The Fabric of Gloucester Economy (Part 1)

February 07, 2023 / History/Maritime

This year Gloucester, Massachusetts celebrates its 400-year anniversary. Over the course of this auspicious year, Gloucester 400+ will be highlighting Gloucester’s rich history and heritage that encompass its extraordinary ethnic diversities, art, and culture, remarkable industrial achievements, and stellar natural resources.

As a part of this celebration, Discover Gloucester will spotlight featured businesses and ongoing events throughout this quadricentennial anniversary year. 

Today we will look back at Gloucester’s rich maritime history and how the fishing industry has played such an integral role in our economy both then and now. 

Folly Cove by Kendra Dott

Pre-Colonial Era 

The fishing industry on the Atlantic coast has existed since well before written history began. For hundreds of years, Gloucester has been at the center of the local and international fishing industry and continues to do so even now. 

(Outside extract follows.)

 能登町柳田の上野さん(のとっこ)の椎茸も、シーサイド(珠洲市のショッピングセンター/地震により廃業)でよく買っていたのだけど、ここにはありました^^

Before European colonization of North America began, Gloucester and the surrounding land was inhabited by the Pawtucket people and their neighbors the Massachuset, Nipmuc, Penacook, and Wampanoag. Evidence exists that these indigenous inhabitants lived on the lands in the northeast corner of what would become Massachusetts for an estimated 12,000 years prior to the first meeting with Europeans. They used the land as a fishing resource that began thousands of years ago, with vessels, like the Mush8n, similar to a modern canoe. 

In the early 1600s, European explorers such as Samuel Champlain and John Smith explored the area we now know as Gloucester and Rockport (Sandy Bay). In 1623, men from the Dorchester Company established a permanent fishing outpost in the area. Life was harsh for the first settlers in this region due to the rocky soil and meager agricultural lands. Due to that many settlers moved to Naumkeag (Salem, Massachusetts) where the land was more fertile. However, the settlers from the Gloucester area were aware of the deep water harbor that was perfect for a fishing port to be developed. 

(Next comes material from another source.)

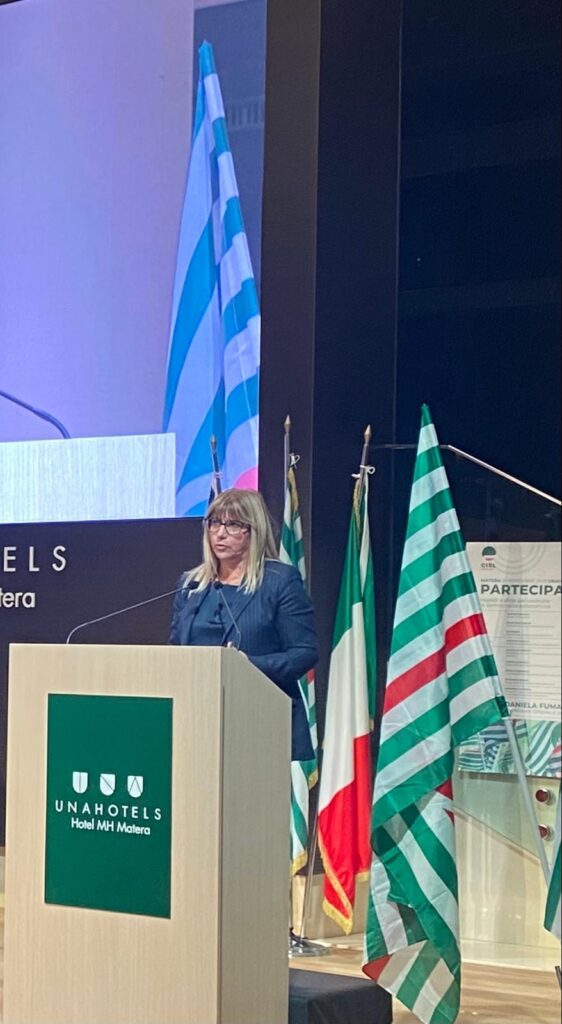 «Abbiamo spinto con determinazione per avere finalmente nel nostro ordinamento una legge che dia piena attuazione all’articolo 46 della Costituzione. Non lo abbiamo fatto per rivendicare una bandiera identitaria, ma per contribuire alla costruzione di un nuovo paradigma capace di ridefinire la qualità e i vincoli sociali dello sviluppo, ristabilendo un rapporto moderno e responsabile tra etica ed economia, tra valori ed efficienza nell’uso e nella distribuzione delle risorse». Lo ha affermato la Segretaria Generale della CISL, Daniela Fumarola, concludendo a Matera l’iniziativa promossa dalla CISL Basilicata sulla legge 76 per la partecipazione. Fumarola ha sottolineato come la Basilicata, per le sue peculiarità e le sfide che sta vivendo, «possa candidarsi a diventare un primo, straordinario laboratorio di democrazia economica al servizio dello sviluppo. Penso – ha aggiunto – alle dinamiche dello spopolamento e all’impoverimento del tessuto sociale ed economico delle aree interne. Qui sarebbe fondamentale sperimentare modelli partecipativi capaci di attrarre investimenti orientati allo sviluppo sostenibile, all’economia circolare, alla creazione di nuova occupazione per i giovani, contrastando il declino e valorizzando le eccellenze del territorio».

Early settlers who decided to stay in the area set up wharves or “stages” that would allow them to fish in the local waters and provide a staging area for fishing operations to be headquartered. This happened in both the waters of the Annisquam River and what would become Gloucester Harbor. 

The Colonial Era 

According to Down To The Sea, it wasn’t until between 1680 and 1700 that Gloucester’s fisheries began to reach a volume that identified them as an industry. It was during this time that small boats and sloops were used to fish fairly close to shore. By the mid-1700’s more distant fisheries were developed reaching as far as the Nova Scotia shores. 

Fishing during this time was done with hook-and-reel and during the relatively good weather of the summers could be found as far off as the Grand Bank of Newfoundland. This movement further from the shore meant the need for bigger and stronger vessels that would eventually become well-known worldwide. During these Grand Bank excursions, each fisher would keep track of their catch and benefit accordingly. 

During the American Revolution much of the fishing, except for that near the coast, was limited due to the English control of the waters. Prior to and after this time, many Gloucester fishermen had begun freighting their salted catches to far-off places such as ​​Lisbon, Bilbao, Cadiz, and also the West Indies Islands. 

Fishing Improvements in the 1800s

Immediately following the Revolution and through the 1800s, the size and capabilities of the fishery boats increased dramatically. This is the time of schooners and larger bilges that could handle the tonnage of fish being caught during each excursion. It was also at this time that French-style trawl line fishing became popular and allowed for a replacement of the hook-and-line style of fishing previously utilized. 

Additionally, new methods of catching fish, such as fishing vessels, would improve the amount of catch to be brought in daily as well as the location that the fishing vessel could get to. Improvements such as the Gill-net fishing and Otter trawl line would prove to increase the amount of catch and strengthen Gloucester’s fishing economy. 

These improvements began the era of modern fishing around the region and along the Atlantic coast which marked a shift in Gloucester’s status as the primary fishing port in the region.